The mental_floss magazine tasked John Green of their List Show to compile 25 Facts About the Science of Music

He went above and beyond to make sure these were actually surprising, amazing, and conversation-inducing. Check out the 10 minute video below or scroll down for our TL;DR version:

While won’t suck all the life out of the video above because it deserves a watch, we’ll cut everyone some slack and give a super summary since the video is just under 10 minutes long. Ain’t nobody got time for that! (I’ll regret typing that 5 years from now when that meme is forgotten).

25 Music Facts Backed by Science!

I’m keeping these in order so you know where to find each fact in the video if you want to know more, but I’m chopping some of them out! If you want to know what the others are, then you’ll just have to watch the video.
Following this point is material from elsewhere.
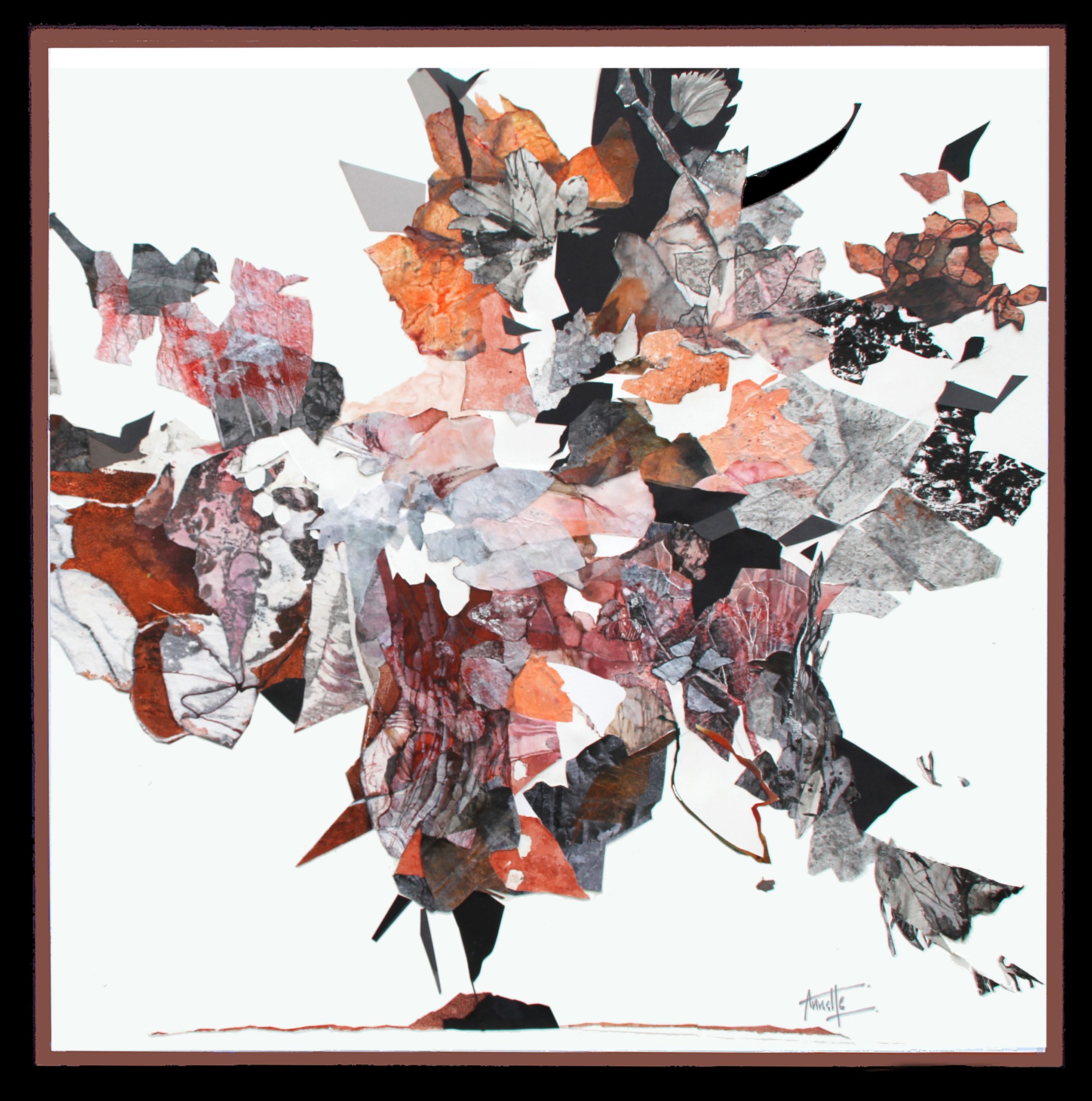 I describe this as one of my painted, collaged, explosive arrangements, where I use a an amalgam of techniques and mediums including intricate pencil drawings, mono-printed textures and painted pieces in a process of deconstruction and reconstruction. The connecting and disconnecting passages emulate the delicate balance vital to our existence with nature.

1) Catchiest Song of All Time

Researchers created a game in 2014 called “Hooked on Music” that featured the biggest pop hits from the 1940’s till the present. The most catchiest song of all by far is The Spice Girl’s Wannabe, which users only needed 2.3 seconds to identify. The average was 5 seconds!

catchiest song ever
Uh ziggy zig ahhh!

Honorary mentions are #2, Mambo Number Five by Lou Bega, and #3, Eye of the Tiger by Survivor.

2) A Certain Genre Makes People More Generous

Another study in 2014 made listeners play a game in which they were a dictator handing out rations to their citizens. The control group didn’t listen to any music while two experimental groups listen to either music they disliked or “chill-inducing” music. Those who heard the chill songs were far more generous than the other groups.
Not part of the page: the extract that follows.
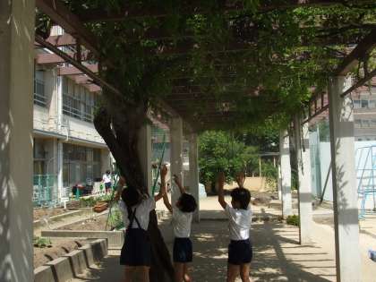 休み時間には、藤棚のミストに気持ちよさそうにあたる子どもたちがいました。

3) Music Gives a Certain Type of Person Chills & Goosebumbs

On the temperance scale, those who were more open to experience and expression were found to not only listen to and therefore encounter more types of music, but were those who subjectively received the most value from it. It’s these people who frequently experience chills and goosebumps from moving music than others!
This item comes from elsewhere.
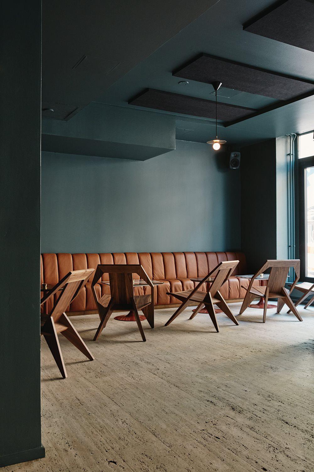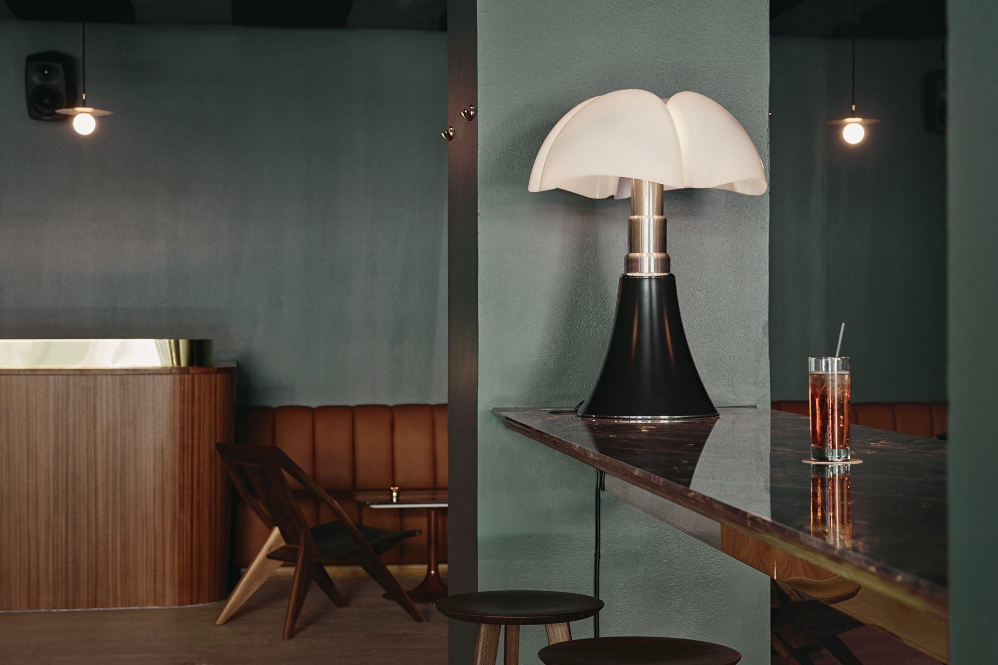 Το επιτραπέζιο φωτιστικό Pipistrello, που σχεδίασε το 1965 ο Ιταλός Gae Aulenti, ενισχύει αυτήν την εντύπωση» προσθέτει. DJs παίζουν συχνά σε αυτό το μπαρ. Κατά συνέπεια, το σημείο όπου είναι τα deck σχεδιάστηκε να είναι το μικρό «αδερφάκι» του πάγκου του μπαρ. Τα τραπέζια με τη μαρμάρινη επιφάνεια που σχεδίασε η Laajisto, δένουν με τα από ξύλο καρυδιάς καθίσματα που έχει σχεδιάσει για τον οίκο Matiazzi ο Konstantin Grcic. Η σχεδίαση του εσωτερικού αυτού του νοσταλγικού μπαρ ταιριάζει με την τοποθεσία του. Η συνοικία Punavuori είναι γνωστή ως η συνοικία ντιζάιν του Ελσίνκι, της πρωτεύουσας μια χώρας που είναι φημισμένη για τις επιδόσεις της στο ντιζάιν. Ένα πολύ ατμοσφαιρικό μπαρ, ομολογουμένως. Δίνει, στον επισκέπτη, την ψευδαίσθηση ότι όπου να ‘ναι θα παίξει σε ταινία της Cinecitta του ’70.

4) Music Simulates Reward by Releasing Dopamine in the Brain

nucleus accumbens
Now, please turn in your textbooks to page 312…

When we enjoy positive times such as eating, making love, or getting lit and jumping off something, we get a rush of dopamine that provides the sense of pleasure. It’s been found that music heightens activity in the nucleus accumbens area of the brain that regulates dopamine release.

No wonder we can’t get kids to take those dang headphones off!

6) Unborn Babies Hear & React to Music

Some maniacal scientist lady surgically inserted a microphone into pregnant women’s wombs to measure two things: If music played outside of the womb could be heard inside of it and if the fetus’ heart rate was affected by it. The answer was… yes and yes! Whether or not that means the babies enjoy it or hate it is undeterminable.

7) Premature Newborns Benefit from Hearing Lullabies

272 premature newborns were split up in 2013 and some listened to lullabies while others heard nothing or Satanic Thrash Metal… okay, I made that part up. But the babies who listened to lullabies showed slower heart rates and an increased caloric intake! Their moods were likely enhanced and their sense of comfort increased.

8) Listening to Music Decreases Anxiety & Boosts Immunity

This factoid comes out of a meta-research study (meaning someone collected data from about 400 other pieces of research, meaning an untold amount of money was wasted on something everyone already knows).

It boiled down to overwhelming evidence that pleasurable music reduces anxiety and boosts the immune systems of adults. We told you guys about the scientifically most relaxing song ever!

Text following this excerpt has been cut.